*** Information supplied Section Begins ***

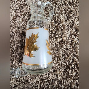 Vintage Anchor Hocking "Starlyte" Gold Leaf Glass Cruet Oil Vinegar
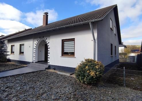 Angeboten wird diese im Jahre 1987 erbaute, schmucke Immobilie, auf einem Areal von rd. 600 Quadratmetern. Das sehr gepflegte Objekt ist voll unterkellert, freistehend, absolut ruhig gelegen, in einer Sackgasse. Die derzeitig vorhandene Wohn-/Wohlfühlfläche betragt ca. 135 m², wobei weiteres Ausbaupotenzial im Dachgeschoss vorhanden ist. Die Fenster und eine Dachterrasse sind bereits vorhanden. Von der großzügigen Diele des Hauses erreicht man auf der einen Seite das Esszimmer, die sehr geschmackvolle, halboffene Küche und den lichtdurchfluteten Wohnbereich, mit Zugang zur komfortablen, teilüberdachten Terrasse und in den pflegeleichten Gartenbereich. Auf der anderen Seite der Diele, befinden sich die beiden Kinderzimmer, das Badezimmer mit Vollausstattung und begehbarer Dusche sowie das Elternschlafzimmer mit Terrassenzugang. Die Treppe im Flur führt zum Keller. Hier befinden sich der kombinierte Öl-/Holzheizkessel der Marke Buderus, ein Öllagerraum, ein Keller zur Lagerung des Holzvorrates, eine ausgestattete weitere Küche, nebst Anschluss für Waschmaschine und Trockner. Ein in 2018 neu gemachtes stylisches Duschbad und zwei weitere Kellerräume, von dem einer Zugang zum Garten hat, komplettieren die Nutzfläche des Kellergeschosses. Für angenehme Stunden in der schönen Jahreszeit des Sommers garantiert der pflegeleicht angelegte Garten mit Gartenhaus und Grillplatz. Hier kann man die Seele baumeln lassen und mit der Familie und Freunden schöne Stunden im Freien verbringen. Die einseitig angebaute Doppelgarage (Tandemgarage) mit Grube vervollständigen dieses besondere Angebot. Wenn Sie interessiert sind, bitte ich um Kontaktaufnahme.
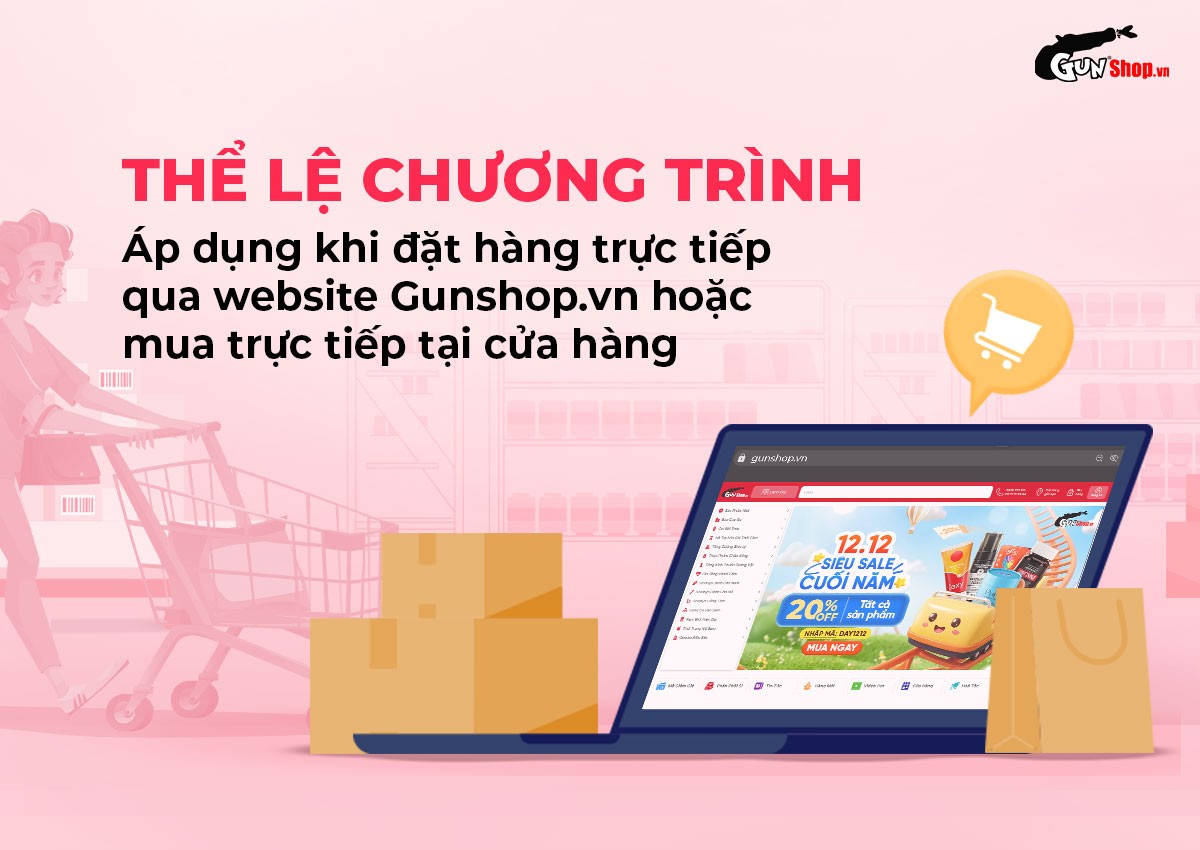 Hòa mình vào không khí cuối năm, Gunshop gửi tặng bạn deal giảm 20% cho tất cả sản phẩm. Áp dụng duy nhất 12/12. Nhanh tay chốt đơn đừng bỏ lỡ nhé!

*** Information supplied Section Ends ***

**Exercise details**.
Retype the whole listing above exactly as written. Skip the pictures.

**Result of this task**.
 Vintage Anchor Hocking "Starlyte" Gold Leaf Glass Cruet Oil Vinegar
 Angeboten wird diese im Jahre 1987 erbaute, schmucke Immobilie, auf einem Areal von rd. 600 Quadratmetern. Das sehr gepflegte Objekt ist voll unterkellert, freistehend, absolut ruhig gelegen, in einer Sackgasse. Die derzeitig vorhandene Wohn-/Wohlfühlfläche betragt ca. 135 m², wobei weiteres Ausbaupotenzial im Dachgeschoss vorhanden ist. Die Fenster und eine Dachterrasse sind bereits vorhanden. Von der großzügigen Diele des Hauses erreicht man auf der einen Seite das Esszimmer, die sehr geschmackvolle, halboffene Küche und den lichtdurchfluteten Wohnbereich, mit Zugang zur komfortablen, teilüberdachten Terrasse und in den pflegeleichten Gartenbereich. Auf der anderen Seite der Diele, befinden sich die beiden Kinderzimmer, das Badezimmer mit Vollausstattung und begehbarer Dusche sowie das Elternschlafzimmer mit Terrassenzugang. Die Treppe im Flur führt zum Keller. Hier befinden sich der kombinierte Öl-/Holzheizkessel der Marke Buderus, ein Öllagerraum, ein Keller zur Lagerung des Holzvorrates, eine ausgestattete weitere Küche, nebst Anschluss für Waschmaschine und Trockner. Ein in 2018 neu gemachtes stylisches Duschbad und zwei weitere Kellerräume, von dem einer Zugang zum Garten hat, komplettieren die Nutzfläche des Kellergeschosses. Für angenehme Stunden in der schönen Jahreszeit des Sommers garantiert der pflegeleicht angelegte Garten mit Gartenhaus und Grillplatz. Hier kann man die Seele baumeln lassen und mit der Familie und Freunden schöne Stunden im Freien verbringen. Die einseitig angebaute Doppelgarage (Tandemgarage) mit Grube vervollständigen dieses besondere Angebot. Wenn Sie interessiert sind, bitte ich um Kontaktaufnahme.
 Hòa mình vào không khí cuối năm, Gunshop gửi tặng bạn deal giảm 20% cho tất cả sản phẩm. Áp dụng duy nhất 12/12. Nhanh tay chốt đơn đừng bỏ lỡ nhé!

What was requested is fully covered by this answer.